Ransomware Developer Releases Egregor, Maze Master Decryption Keys


The master decryption keys for the Maze, Egregor and Sekhmet ransomware operations were published last night on the BleepingComputer forums by the alleged malware developer.

The Maze ransomware started operating in May 2019 and quickly rose to fame as it was responsible for using data theft and double extortion tactics now used by many ransomware operations.

After Maze announced its closure in October 2020, they were renamed in September as Egregor, which later disappeared after members were arrested in Ukraine.

Operation Sekhmet was something of an outlier when it launched in March 2020, when Maze was still active.

Published decryption master keys

Fast forward 14 months later, and the decryption keys for these Ops have now been leaked to the BleepingComputer forums by a user named “Topleak” who claims to be the developer of all three Ops.

The poster stated that it was a planned leak and was unrelated to recent law enforcement operations that led to the seizure of servers and the arrest of affiliates of ransomware.

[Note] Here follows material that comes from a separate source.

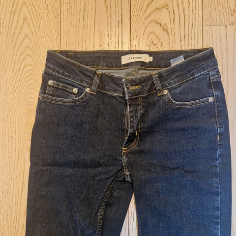 Kjempefin jeans fra Junkyard i størrelse L!❤️ Svært pent brukt uten bruksmerker (bare brukt noen få ganger). Selges fordi den dessverre ikke passet meg helt❤️

“Since this will raise too many clues and most of them will be false, it is necessary to emphasize that this is a planned leak and has no connection to the recent arrests. and teardowns,” the alleged ransomware developer explained.

They further stated that none of their team members will ever come back to the ransomware and that they destroyed all the source code of their ransomware.

Leaked Maze, Egregor and Sekhmet decryption key forum post
Leaked Maze, Egregor and Sekhmet decryption key forum post
Source: BleepingComputer

The message includes a download link for a 7zip file with four archives containing the Maze, Egregor and Sekhmet decryption keys, as well as the source code of a “M0yv” malware used by the ransomware gang.

Archive containing leaked decryption keys
Source: BleepingComputer

Each of these archives contains the public master encryption key and the private master decryption key associated with a specific “advertisement” or affiliate of the ransomware operation.

In total, here is the number of RSA-2048 master decryption keys released per ransomware operation:

  • Labyrinth: 9 major decryption keys for the original malware that targeted non-professional users.
  • Labyrinth: 30 master decryption keys.
  • Egregore: 19 master decryption keys.
  • Sekhmet: 1 master decryption key.

from Emsisoft Michael Gillespie and Fabien Wosar has reviewed the decryption keys and confirmed to BleepingComputer that they are legitimate and can be used to decrypt files encrypted by all three ransomware families.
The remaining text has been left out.